With robust stack implementation, many Cortex-M stack features help prevent issues and ease development.

Stack Optimization

There are several ways to optimize Cortex-M stack usage:

• Allocate only necessary stack space.
• Reduce stack usage in ISRs when possible.
• Use stack limit registers to detect overflow.
• Use PSP instead of MSP where applicable.
• Initialize unused stack to an unusual value.
• Analyze stack usage to fine tune stack size.
• Enable the CONTROL stack alignment features.
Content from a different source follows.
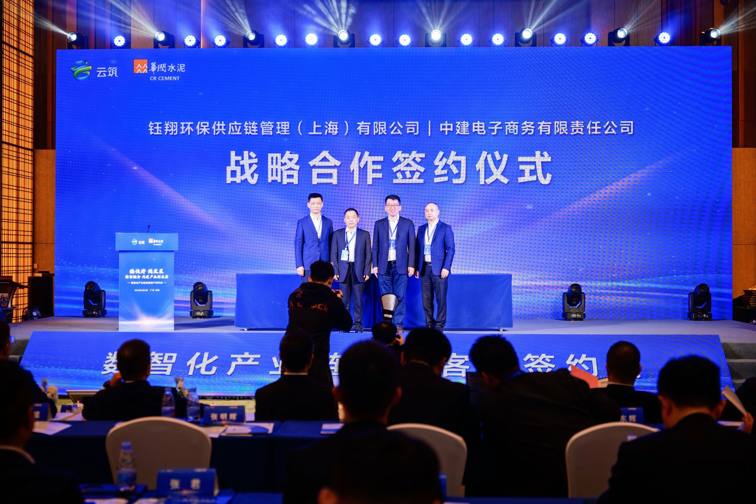 3月2日,鈺翔科技集團旗下全資子公司鈺翔環(huán)保供應鏈管理有限公司與云筑(中建電商)在深圳簽署戰(zhàn)略合作協(xié)議。本次簽約會上,云筑與鈺翔環(huán)保供應鏈管理(上海)有限公司、華潤水泥投資有限公司、普洛斯產(chǎn)融科技有限公司分別簽署戰(zhàn)略合作協(xié)議。
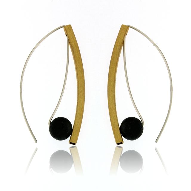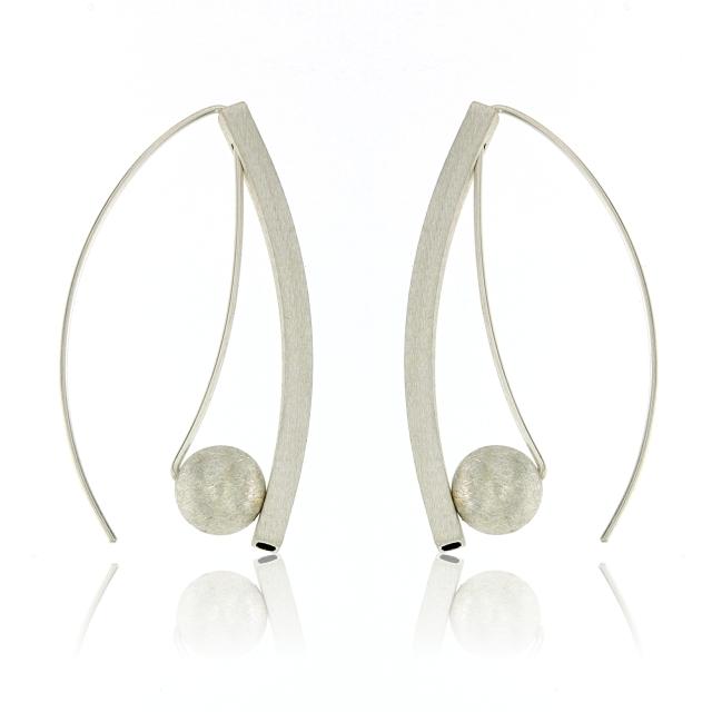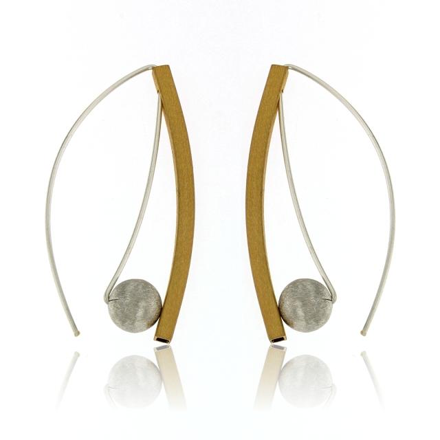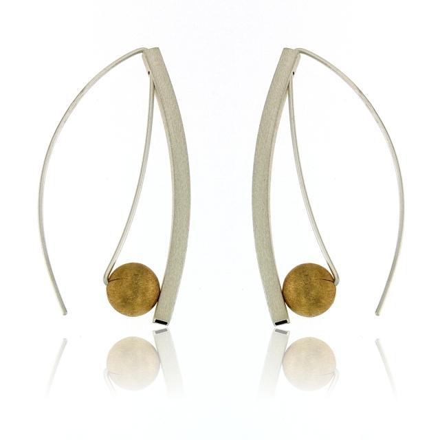 EARRINGS SILVER MATTE FINISH, CURVED BAR WITH GOLD PLATED BALL, WIRE, 2″

Optimized stack usage reduces memory requirements and helps avoid issues like overflow.

Cortex-M Stack Usage

The Cortex-M stack is used in the following main ways:

• Storing context on exception entry.
• Passing parameters at function calls.
• Allocating local variables.
• Saving context on RTOS context switches.
• Stacking layer specific registers on ISR entry.

Understanding these stack usage patterns allows tuning stack size and analyzing stack requirements.

Stack Debugging

Useful techniques for debugging Cortex-M stack issues:

• Initialize unused stack to a pattern like 0xDEADBEEF.
• Enable stack limit registers to detect overflow.
• Monitor stack pointers during execution.
• Check for unaligned accesses and hard faults.
• Perform stack usage analysis.
• Debug exceptions and check stacked context.

These debugging techniques can help identify stack issues and incorrect stack usage.

Conclusion

In summary, properly managing the Cortex-M stack pointers and understanding stack operation is key to building robust embedded applications. Utilizing stack limit registers, optimization techniques, and careful stack debugging all help create efficient and stable Cortex-M designs.